In order to describe additional blood biomarkers, we performed further protein analysis in baseline (30 patients, 8 developed Pn) and postneoadjuvant (34 patients, 10 developed Pn) plasma samples. Among protein measured (online supplemental table 4), significantly lower baseline levels of teratocarcinoma-derived growth factor 1 (TDGF1) (Pn 582.5, IQR 272.0–1150.4; non-Pn 2174.6, IQR 775.8–3289.8; p=0.013) were found in patients who develop Pn (figure 5A).

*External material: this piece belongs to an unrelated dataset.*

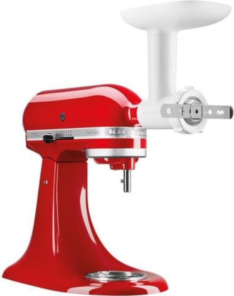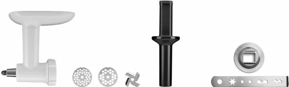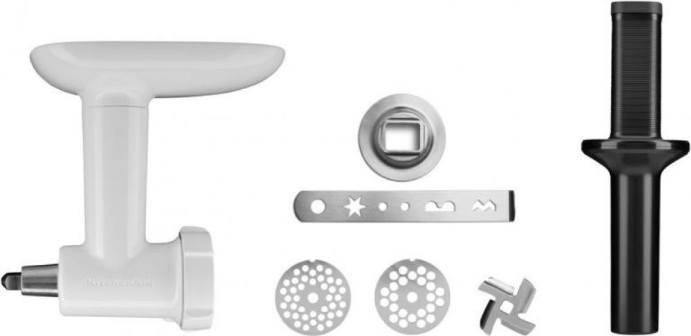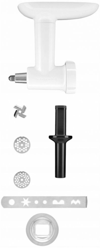 KitchenAid Mlýnek na maso s tvořítkem na cukroví 5KSMFGCAVytvořte si z ingrediencí zdravé a čerstvé pokrmy, které si připravíte sami a navíc máte jistotu, že vše je čerstvé a ideálně namleté dle vašich představ.Mlýnek na maso s nástavci snadno a rychle zpracuje suroviny, pomůže s přípravou burgerů, paštik, salsy, pomele tvrdé sýry, pečivo a dětem připraví zdravou přesnídávku. Se snadným zatlačení jakéhokoli druhu potraviny směrem k noži pomůže pěchovač.Součástí mlýnku je i tvořítko na cukroví, skvělý doplněk a pomocník při výrobě lahodných domácích cukrovinek 5 různých tvarů. Mlýnek je kompatibilní se všemi modely kuchyňských robotů KitchenAid. Záruka Na tento model se vztahuje 2 roky záruky.Nůž z nerezové oceli Pro zpracování měkkých i tvrdých surovin. Mýt pouze ručně.Jemný (4,5mm)nástavec na mletí Pomocí jemného nástavce na mletí můžete rozemlít vařené maso na pomazánky, paštiky, tvrdé sýry (např. parmezán) nebo strouhanku. Mýt pouze ručně.Hrubý (6mm)nástavec na mletí Hrubý nástavec k mletí syrového masa na burgery či zeleniny na salsu a omáčky. Mýt pouze ručně.Přídavný mlýnek na maso Vylepšená konstrukce přídavného mlýnku na potraviny pro kvalitní mletí čehokoli od syrového masa po zeleninu.Pěchovač Pomocí pěchovače můžete snadno zatlačit jakýkoli druh surovin do plnicí trubice směrem k noži a nástavcům na mletí. Lze mýt v myčce na nádobí.Odnímatelný tácek Snadné čištění. Lze mýt v myčce na nádobí.Tvořítko na cukroví 5KSMCCA pro 5 různých tvarů Snadná příprava domácího cukroví. Na cukroví a sušenky různého složení a velikostí. Nedoporučuje se mýt v myčce na nádobí.

On the contrary, patients who develop Pn showed significantly higher levels of plasmatic macrophage stimulating protein (MSP) (Pn 1564.1, IQR 1477.2–1599.9; non-Pn 1358.6, IQR 1144.4–1521.2; p=0.006), Poly(A)-specific ribonuclease (PARN) (Pn 774.5, IQR 482.0–1031.3; non-Pn 480.6, IQR 251.0–653.0; p=0.017) and E-cadherin (Pn 1321.5, IQR 843.9–2076.7; non-Pn 683.2, IQR 555.5–947.3; p=0.022) at diagnosis. Also, a trend for higher CCL22 levels, also known as macrophage-derived chemokine (MDC), was found in patients who developed pneumonitis (Pn 2281.8, IQR 1342.3–3168.0; non-Pn 941.7, IQR 612.5–1970.2; p=0.055) (figure 5A). However, these differences were lost after neoadjuvant treatment, only a trend to a lower TDGF1 (Pn 339.4, IQR 81.1–1821.6; non-Pn 1969.2; IQR 691.8–6402.1; p=0.076) and a trend to higher MDC (Pn 1784.3, IQR 1243.9–3051.0; non-Pn 1132.8, IQR 606.1–1778.7; p=0.089) were observed (figure 5A). Referring to postneoadjuvant treatment samples, Pn patients showed significant higher relative levels of proinflammatory cytokines such as angiopoietin-1 (ANG-1), epithelial growth factor (EGF), Chemokine (C-C motif) ligand 16 (CCL16), neutrophil gelatinase-associated lipocalin (NGAL), macrophage migration inhibitory factor (MIF), platelet-derived growth factor (PDGF-AA), bone morphogenetic protein 4 (BMP-4), beta nerve growth factor (b-NGF), hepatocyte growth factor (HGF), neurotrophin-4 (NT-4), urokinase-type plasminogen activator receptor (uPAR) and vascular endothelial growth factor (VEGF) (online supplemental figure S4A). Likewise, a differential impact of treatment on the plasma levels of latency-associated peptide (LAP), chemokine (C-X-C motif) ligand 1, 5, 6 (CXCL1, CXCL5, CXCL6), Cathepsin S, CCL4 (MIP-1b), EGF, and metalloproteinase inhibitor 1 (TIMP-1) was observed between patients with and without Pn (online supplemental figure S5A).

AUC values for ROC curves to predict Pn in baseline samples were 0.801 (95% CI 0.645 to 0.958) for TDGF1; 0.838 (95% CI 0.695 to 0.982) for MSP; 0.790 (95% CI 0.604 to 0.976) for PARN; and 0.788 (95% CI 0.566 to 0.991) for E-Cadherin (figure 5B).